4. Het verschijnsel van de funktionalisering, gekombineerd met dat van de gerichte termkeuze, uit zich nog in een aantal andere eufemismen: ik doel hier op een aantal kombinaties die een element bevatten waarvan de betekenisinhoud drastisch wordt ingeperkt, met behoud van (een aantal van) de oorspronkelijke konnotaties. Op die manier krijgt de volledige uitdrukking een werkelijkheidsverhullende funktie. Zo wijst bijvoorbeeld het benoemen van arbeiders en patroons in ons sociaal-ekonomisch stelsel als ‘sociale partners’ op een betekenisinperking van de term ‘partner’, want van samenwerking op voet van gelijkheid en volstrekte loyauteit kan wegens de arbeidsverdeling in ons sociaal-ekonomisch bestel geen sprake zijn.

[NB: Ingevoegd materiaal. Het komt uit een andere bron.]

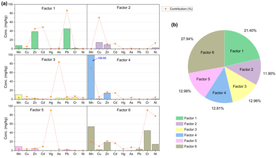 Based on the PMF model, a total of six comprehensive factors were identified as the sources of metal pollution (Figure 7). Factors 6, 1, 5, and 3 together accounted for 75.28% of the total source, with their respective contributions of 27.94%, 21.40%, 12.98%, and 12.96%. The main contributors for each factor were: Pb (86.40%), Cu (70.21%), As (83.68%), Mn (71.18%), and Hg (90.68%) for factors 1–5, respectively, while Cr (90.78%) and Ni (77.71%) contributed more to factor 6.

De vraag in hoeverre ‘gastarbeiders’ als echte ‘gasten’ beschouwd en behandeld worden, laat ik aan de lezer over om te beantwoorden. Kan men ‘leningen, (die) aan allerlei voorwaarden zijn verbonden’Ga naar eind14 wel ontwikkelingshulp' noemen? En dan die socioloog die ik onlangs het verschijnsel van het irrationele winstbejag van een kleine groep kapitaalbezitters vergoelijkend hoorde aanduiden met de term ‘ekonomische rationaliteit’!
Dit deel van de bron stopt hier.